I also don't know what to do about interpreting the ??? entries. Is there another compilation flag I need to get valgrind to provide more information?
Valgrind basically says there are no notable heap management issues. The program is segfaulting from a less complex programming fault.
If it were me, I would
compile it with gcc -g,
enable core dump files (ulimit -c unlimited),
run the program normally,
and let it fault
use gdb to examine the core file and look at what it was doing when it faulted:
gdb (programfile) (corefile)
bt
I don't believe valgrind is able to find all errors where you've overrun a value on the stack (but not overrun the stack itself). So, you may want to try gcc's -f-stack-protector-all option.
You should also try mudflap, with -fmudflap (single-threaded) or -fmudflapth (multi-threaded).
Both mudflap and stack protector should be much faster than valgrind.

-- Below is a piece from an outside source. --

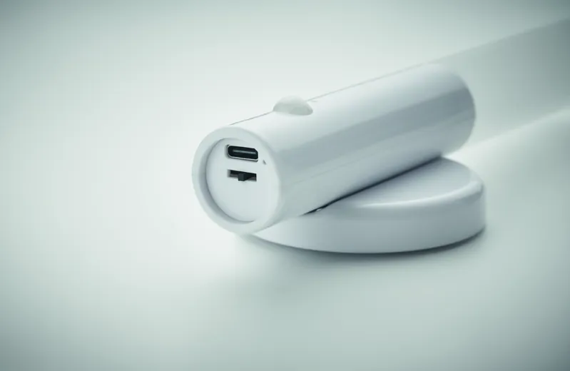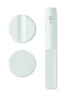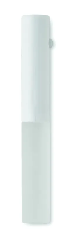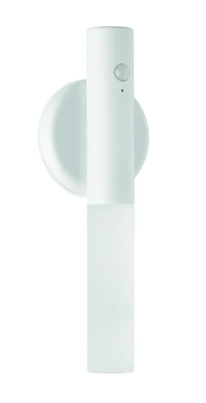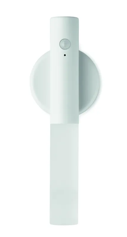 Vészhelyzeti és/vagy mozgásérzékelős, rögzíthető zseblámpa ABS-ből és akrilból, mágneses tartóval. Beépített 300 mAh-s újratölthető akkumulátorral és töltőkábellel. A tartó a mellékelt 3M matricával falra rögzíthető.

In additional, it looks like you don't have debug symbols, making reading backtraces difficult. Add -ggdb.
You probably also want to enable core-file generation (try ulimit -c unlimited). This way, you can try to debug the process post-crash by using gdb program core.
As #wallyk indicates, your segfault may actually be something fairly easy to find—e.g., maybe you're dereferencing NULL, and gdb can point you to the exact line (or, well, close unless you compile with -O0). This would make sense, for example, if you're just running of memory for your larger datasets, and thus malloc returns NULL, and you forgot to check that somewhere.
Lastly, if nothing else makes sense, there is always the possibility of hardware issues. But those would be expected to be fairly random, e.g., different values getting corrupted different runs. If you try a different machine, and it happens there, its extremely unlikely to be a hardware issue.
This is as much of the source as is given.